◆ **Work task**: All lines below containing the string "with" are to be copied.

══ Provided information

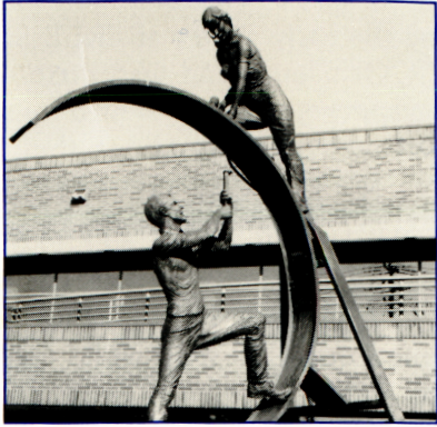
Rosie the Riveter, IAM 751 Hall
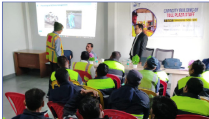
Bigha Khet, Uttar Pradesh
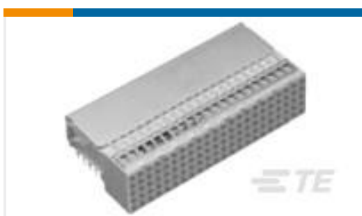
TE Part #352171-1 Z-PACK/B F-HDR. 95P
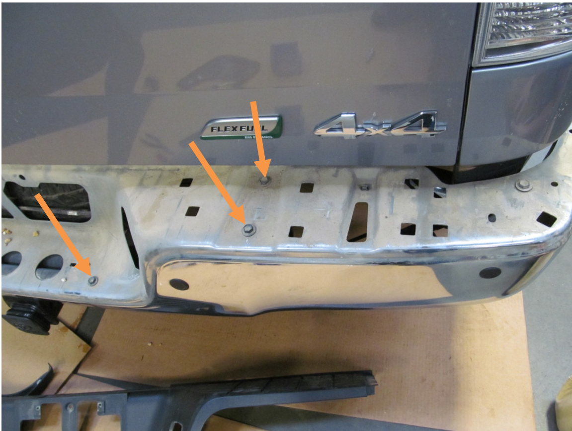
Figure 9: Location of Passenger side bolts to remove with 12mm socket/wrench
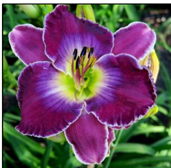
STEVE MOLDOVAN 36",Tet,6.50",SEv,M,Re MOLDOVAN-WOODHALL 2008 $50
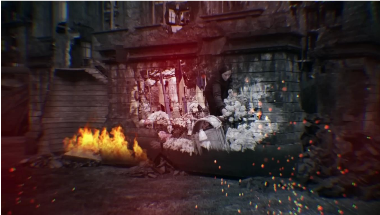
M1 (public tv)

════
══ Provided information

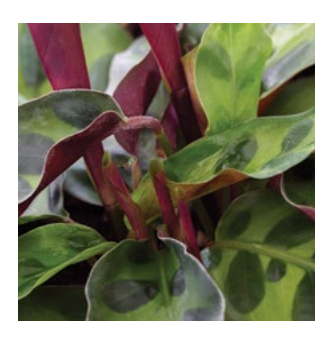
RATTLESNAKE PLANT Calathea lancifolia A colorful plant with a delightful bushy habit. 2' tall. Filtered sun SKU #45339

════

◆ **Exercise solution**:
Figure 9: Location of Passenger side bolts to remove with 12mm socket/wrench
RATTLESNAKE PLANT Calathea lancifolia A colorful plant with a delightful bushy habit. 2' tall. Filtered sun SKU #45339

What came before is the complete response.